All in all the book's polemics were interesting, but the lack of knowledge of the setting and poor character development made it not one of Cook's best. Before he writes about Vermont again he ought to come and live here for 6 months or so.

Rating: 5 stars
Summary: This is Robin Cook
Review: This is the kind of books that I like of Dr. Cook, of course I am not a doctor so I don't understand many things about medicine, but this book is definitely a medical thrillers, and as all of his books you will think twice before you go to a doctor or a hospital.

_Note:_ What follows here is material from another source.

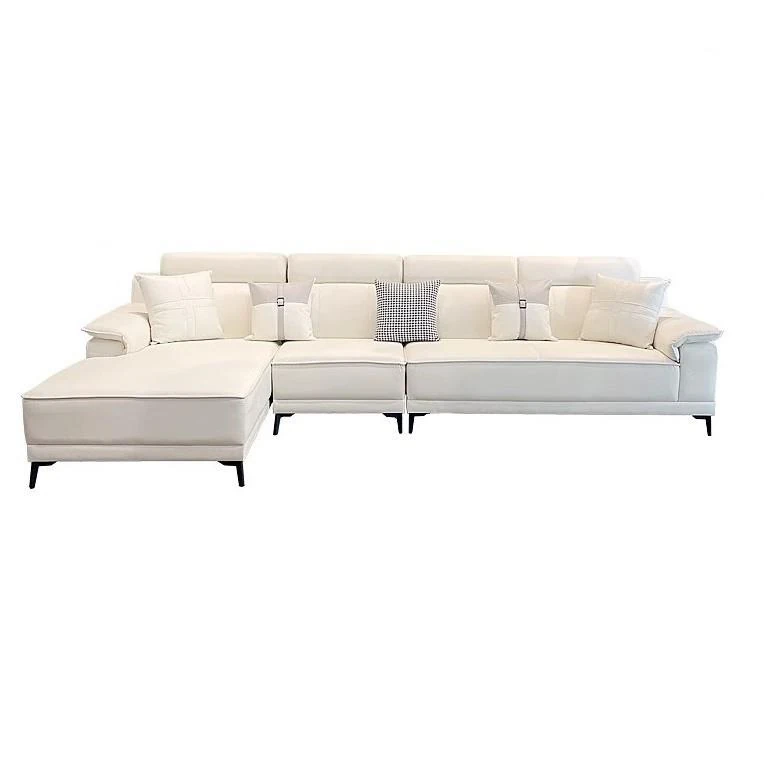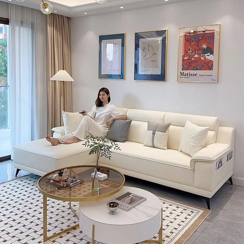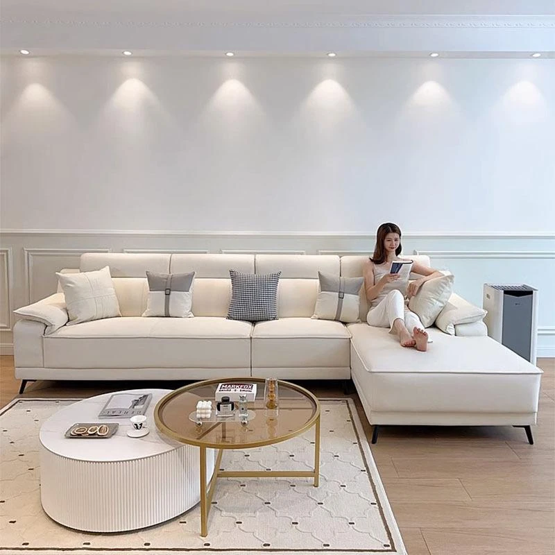 Nordic Style Cat Scratch Resistant Cream Sofa for Small Spaces - Trendy L-Shaped Chaise Lounge with Straight Three-Seater, Made with Tech Fabric for Durability and Comfort
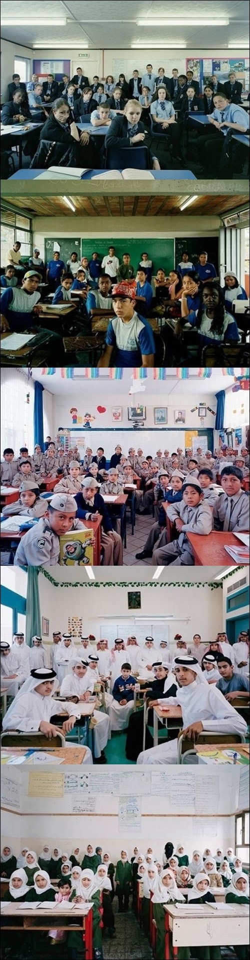 공개된 사진에는 유럽, 미국, 브라질, 아르헨티나, 등등 세계 각국의 교실을 돌며 찍은 학생들의 모습이 담겨 있다.

The story of the hospital that want to save money instead of save patients is not out of reality, in other words I can believe that these things could happened in a small town or a place that are not to many hospitals.
It has one or two mistakes with their daughter, but that doesn't mean that it couldn't be real.

Rating: 2 stars
Summary: Preachy as all heck - okay storyline.
Review: While the story line was tolerable and interesting at times, the preachiness of 'educating the reader' about the favorite 'special interest' of the author really comes across to clumsily that it detracts from the overall flow of the book (every few pages there seems to be a jab here and there thrown in to meet some sort of a PSA quota.) The story line is not as good as Toxin, but this title is slightly less offensive in the constant regurgitation of the 'healthcare system= evil' message than it is in Toxin.